No, but it's close, ranking between #4 and #6 depending on how you count.
As of August 20, 2020, the US death toll from COVID-19 is roughly 175,000 (source: the New York Times, the CDC, and Worldometers all agree to within about 2%). The death toll started rising in late March, for a duration of slightly over five months, not the four months mentioned in the question.
Compare that to other death tolls (all numbers rounded to the nearest thousand):
- American Civil War, total military deaths: 593,000, including disease, over four years.
- World War II: 419,000 total, including civilian deaths, over four years.
- American Civil War, Union deaths: 335,000 total, including disease, over four years.
- 1918 flu pandemic, second wave: 292,000 over four months.
- Heart disease (#1 cause of ongoing deaths): 270,000 per five months in 2017.
- Cancer (#2 cause of ongoing deaths): 250,000 per five months in 2017.
- COVID-19 is here right now, at 175,000 deaths.
- <From here on down, only some causes of death have been listed>
- World War I: 117,000 total, including disease, over roughly a year and a half.
- Accidental injuries (#3 cause of ongoing deaths): 71,000 per five months in 2017.
- Influenza: 61,000 in the 2017-2018 flu season, the worst in the past decade.
- Vietnam War: 58,000 total, over roughly nine years.
- American Civil War, Overland Campaign: 12,000 over two months.

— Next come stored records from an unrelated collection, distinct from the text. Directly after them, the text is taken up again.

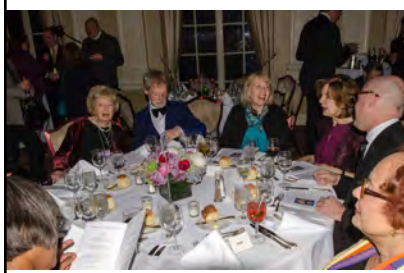
A tableful of merry guests from The Church of the Ascension
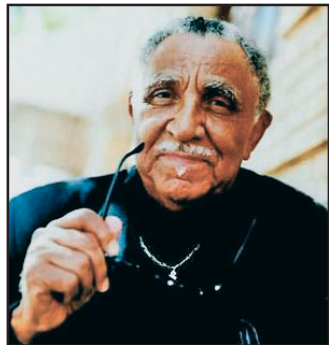
Dr. Joseph Lowery
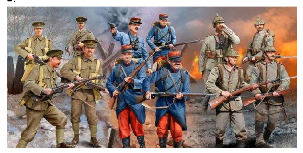
Which of the following was not a cause of WWI?
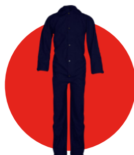
WARONA 5400 Art. no. 2.45.400.00
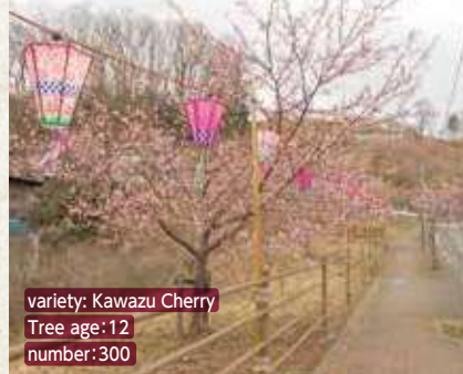
variety:Kawazu Cherry Tree age:12 number:300

Access: bus stop "Before the Pleasure Forest" get off. Address: 1634, Wakayanagi, Midori-ku Sagamihara-shi Resort of the Lake Sagami Pleasure Forest Tel:042-685-1111
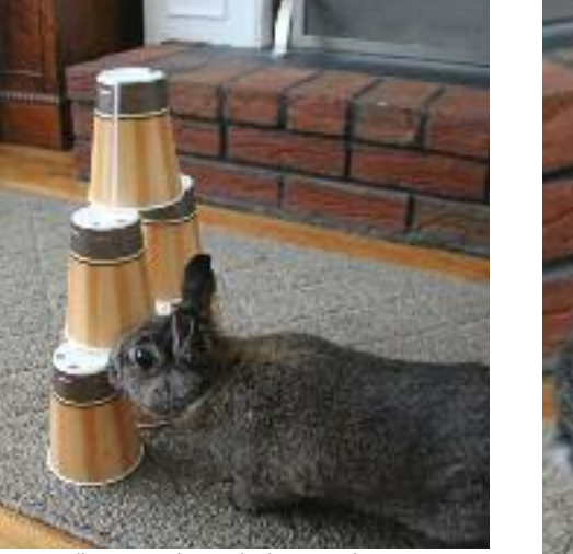
Any small cups can be stacked over and over again for bunny to knock over.

Sorted by percent of the population killed, using the population numbers from the nearest census. The relative rankings of some things change, but COVID-19 remains in the #6 spot
- American Civil War, total military: 1.8%
- American Civil War, Union military: 1.5%
- World War II: 0.32%
- 1918 flu pandemic, second wave: 0.28%
- Heart disease, five-month average in 2017: 0.082%
- Cancer, five-month average in 2017: 0.076%
- COVID-19, March 1-August 21: 0.054%
- <From here on down, only some causes of death have been listed>
- American Civil War, Overland Campaign: 0.038%
- Vietnam War: 0.028%
- Accidental injuries, five-month average in 2017: 0.022%
- Influenza, 2017-2018 season: 0.018%
COVID-19 isn't the biggest killer of Americans in history, but it's well up there. Compared to other disease outbreaks, it's ahead of everything except the 1918 flu pandemic. Compared to non-contagious causes of death, it's ahead of everything except heart disease and cancer. And compared to mass-casualty events such as wars, it's ahead of everything except World War II and the American Civil War -- and it's ahead of any five-month slice of either of those wars.
More people dying from COVID-19 won't change the relative ordering, barring a disastrous third wave -- the COVID-19 rate is currently lower than that for cancer or heart disease (so it won't pass them), the COVID-19 total is already ahead of the annual total for accidents (so it can't fall behind it), and the 1918 pandemic is far enough ahead of COVID-19 that it isn't likely to be surpassed, particularly as a percentage of population killed.